━━━━━ DATA EXCERPTS ━━━━━

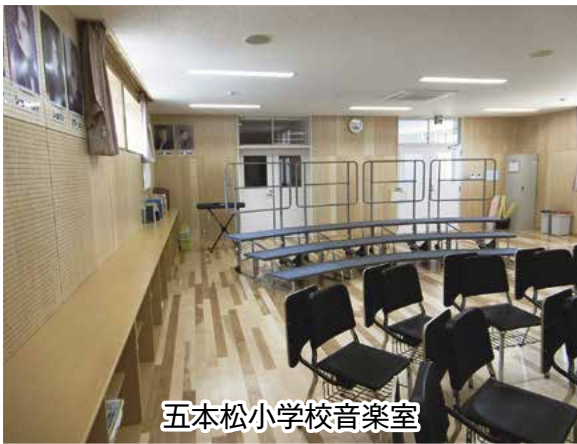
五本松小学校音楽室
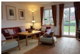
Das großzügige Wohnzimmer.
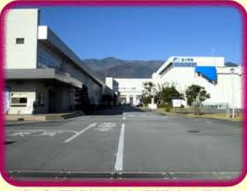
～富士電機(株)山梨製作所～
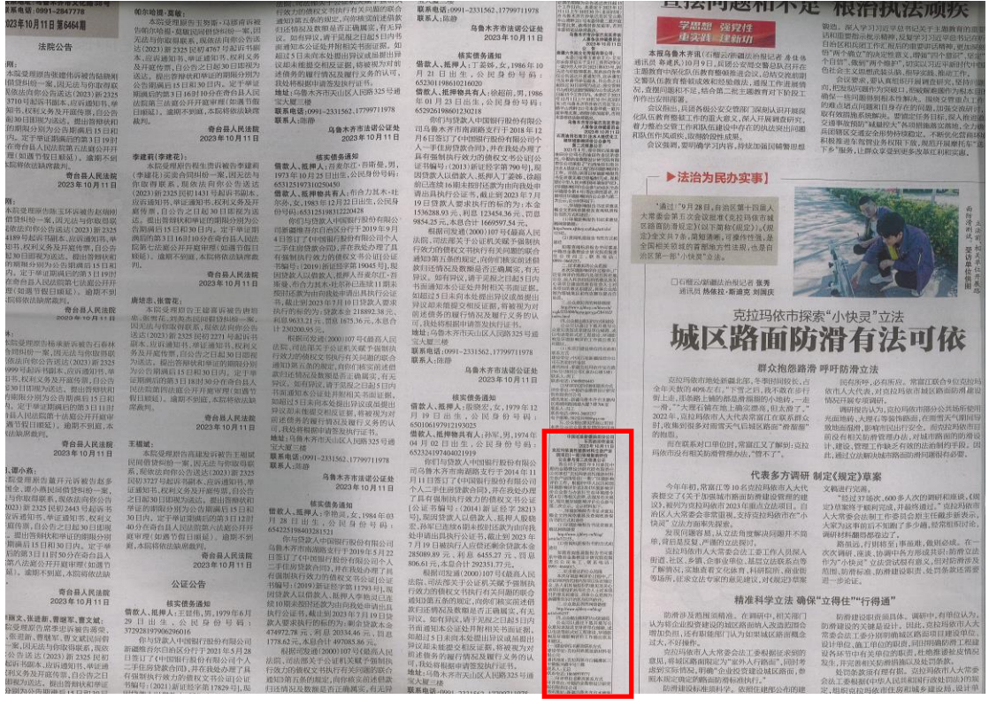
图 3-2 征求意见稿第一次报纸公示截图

━━━━━
━━━━━ DATA EXCERPTS ━━━━━

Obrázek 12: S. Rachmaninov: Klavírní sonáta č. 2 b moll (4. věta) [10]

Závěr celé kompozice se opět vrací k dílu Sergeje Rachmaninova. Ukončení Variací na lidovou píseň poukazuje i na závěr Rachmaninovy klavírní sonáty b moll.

━━━━━
━━━━━ DATA EXCERPTS ━━━━━

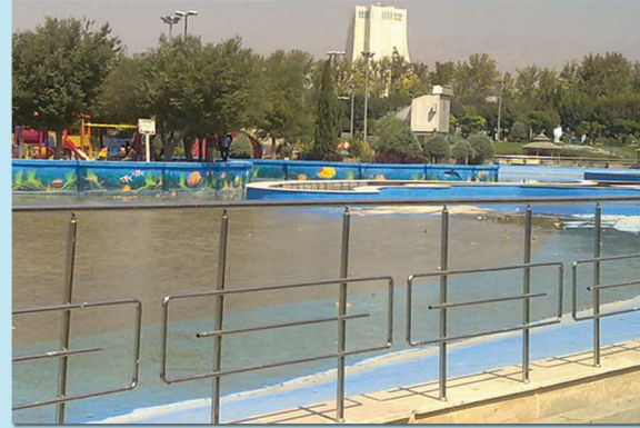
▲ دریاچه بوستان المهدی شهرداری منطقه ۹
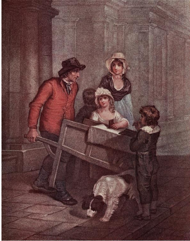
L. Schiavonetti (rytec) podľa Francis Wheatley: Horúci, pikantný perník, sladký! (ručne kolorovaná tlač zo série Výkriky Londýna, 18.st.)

━━━━━

EXERCISE OBJECTIVE - Print from the line containing "شهرداری منطقه ۹" through the line containing "L. Schiavonetti (rytec)" in the data above, exactly as the lines stand, and omit every picture.

RESPONSE AREA -
▲ دریاچه بوستان المهدی شهرداری منطقه ۹
L. Schiavonetti (rytec) podľa Francis Wheatley: Horúci, pikantný perník, sladký! (ručne kolorovaná tlač zo série Výkriky Londýna, 18.st.)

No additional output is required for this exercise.